Package 'spconf'

Title: Computing Scales of Spatial Smoothing for Confounding Adjustment
Description: Computes the effective range of a smoothing matrix, which is a measure of the distance to which smoothing occurs. This is motivated by the application of spatial splines for adjusting for unmeasured spatial confounding in regression models, but the calculation of effective range can be applied to smoothing matrices in other contexts. For algorithmic details, see Rainey and Keller (2024) "spconfShiny: an R Shiny application..." <doi:10.1371/journal.pone.0311440> and Keller and Szpiro (2020) "Selecting a Scale for Spatial Confounding Adjustment" <doi:10.1111/rssa.12556>.
Authors: Kayleigh Keller [aut, cre], Maddie Rainey [aut]
Maintainer: Kayleigh Keller <[email protected]>
License: GPL-3
Version: 1.0.1
Built: 2024-11-04 03:33:46 UTC
Source: CRAN

Help Index


Compute effective range

Description

Calculates the effective range for a spline basis matrix.

Usage

compute_effective_range(
  X,
  coords = X[, c("x", "y")],
  df = 3,
  nsamp = min(1000, nrow(X)),
  smoothedCurve = FALSE,
  newd = seq(0, 1, 100),
  scale_factor = 1,
  returnFull = FALSE,
  cl = NULL,
  namestem = "tprs",
  inds = NULL,
  verbose = FALSE,
  span = 0.1
)

compute_effective_range_nochecks(
  X,
  inds,
  newd,
  D,
  smoothedCurve = FALSE,
  scale_factor = 1,
  returnFull = FALSE,
  cl = NULL,
  span = 0.1
)

Arguments

X

Matrix of spline values.
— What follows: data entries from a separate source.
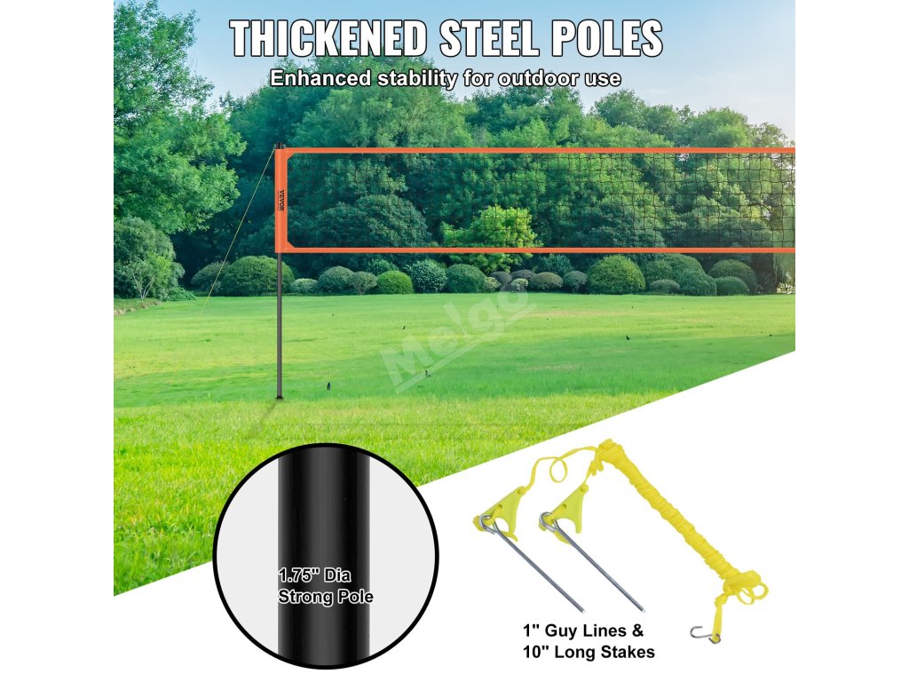 Sada volejbalové sítě obsahuje zesílené tyče, které zajišťují stabilitu, zejména ve venkovním prostředí. Tyto tyče jsou navrženy tak, aby odolaly různým povětrnostním podmínkám a zajistily stabilní a bezpečnou hru.
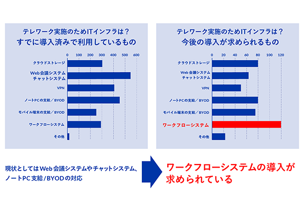 一方で、将来的には、ワークフローシステムの導入が最も求められている割合が高く、ペーパーレス化や業務フローの電子化・可視化がテレワーク遂行に求められていることも明らかになった。
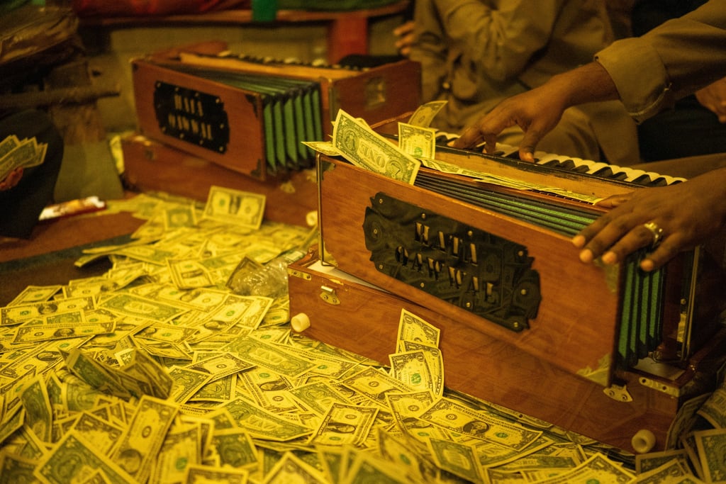 One man was having fun after donating a lot of one-dollar bills to the ensemble.
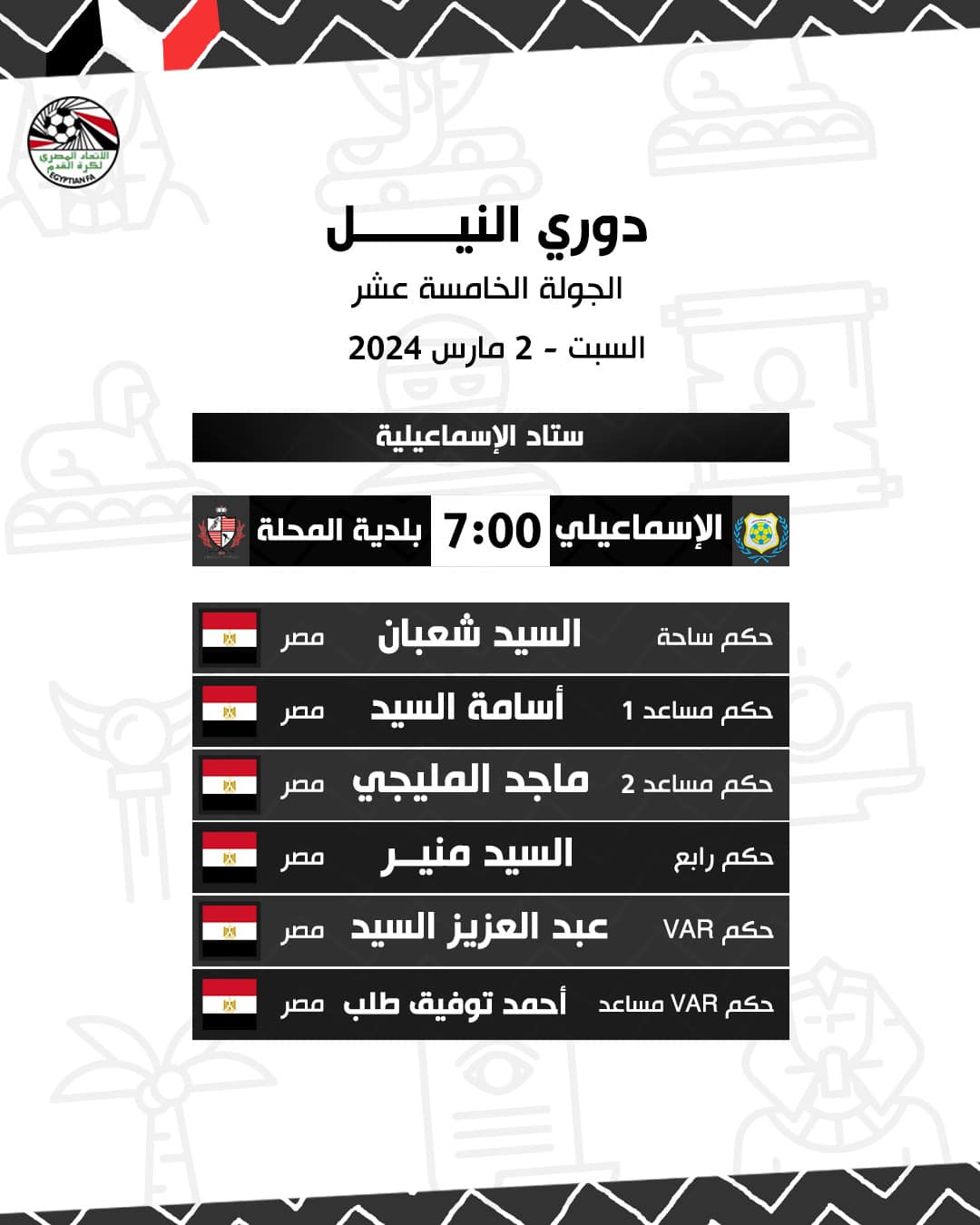 تنطلق مباراة الإسماعيلي مع بلدية المحلة في تمام السابعة مساء غد الأحد، ويديرها السيد شعبان حكما للساحة ويعاونه كل من أسامة السيد مساعد أول وماجد المليجي مساعد ثاني والسيد منير حكما رابعا، وعبدالعزيز السيد حكم فيديو، وأحمد توفيق طلب حكم فيديو مساعد.

See namestem for expected column names.

coords

Matrix of point coordinates. Defaults to the x and y columns of X, but can have a different number of columns for settings with different dimensions.

df

Degrees of freedom for which effective range should be computed.

nsamp

Number of observations from X from which to sample. Defaults to minimum of 1,000 and nrow(X).

smoothedCurve

Should the effective range be computed using the procedure introduced by Keller and Szpiro, 2020, (TRUE) or the procedure introduced by Rainey and Keller, 2024, (FALSE). See Details.

newd

Distance values at which to make loess predictions. Should correspond to distances in the same units as coords. Only needed when smoothedCurve is TRUE.

scale_factor

Factor by which range should be scaled. Often physical distance corresponding to resolution of grid. Defaults to 1, so that range is reported on the same scale as distance in coords. Only needed when smoothedCurve is TRUE.

returnFull

Should the mean and median curves be returned (TRUE), or just the range value of where they first cross zero (FALSE).

cl

Cluster object, or number of cluster instances to create. Defaults to no parallelization.

namestem

Stem of names of columns of X corresponding to evaluated splines. Defaults to "", meaning names of the form 1, 2, ...

inds

Indices of observations to use for computation. Passed to computeS.

verbose

Control printing of a df counter to console.

span

Passed to fitLoess. If too small, then can lead to unstable loess estimates. Only needed when smoothedCurve is TRUE.

D

Distance matrix for coordinates.

Details

Using the given spline basis and the inputted coordinates, the effective bandwidth is computed for the given degrees of freedom. This is accomplished by computing a distance matrix from the coordinates and a smoothing matrix from the basis. Setting smoothedCurve = TRUE (see Keller and Szpiro, 2020, for details), for each column of smoothing weights, a LOESS curve is fit to the smoothing weights as a function of the distances, and the distance where the curve first crosses zero is obtained. Setting smoothedCurve = FALSE (see Rainey and Keller, 2024, for details), for each column of smoothing weights, the smallest distance that corresponds with the first negative smoothing weight is obtained. Then, for both procedures, the median of the obtained distances is reported as the effective bandwidth.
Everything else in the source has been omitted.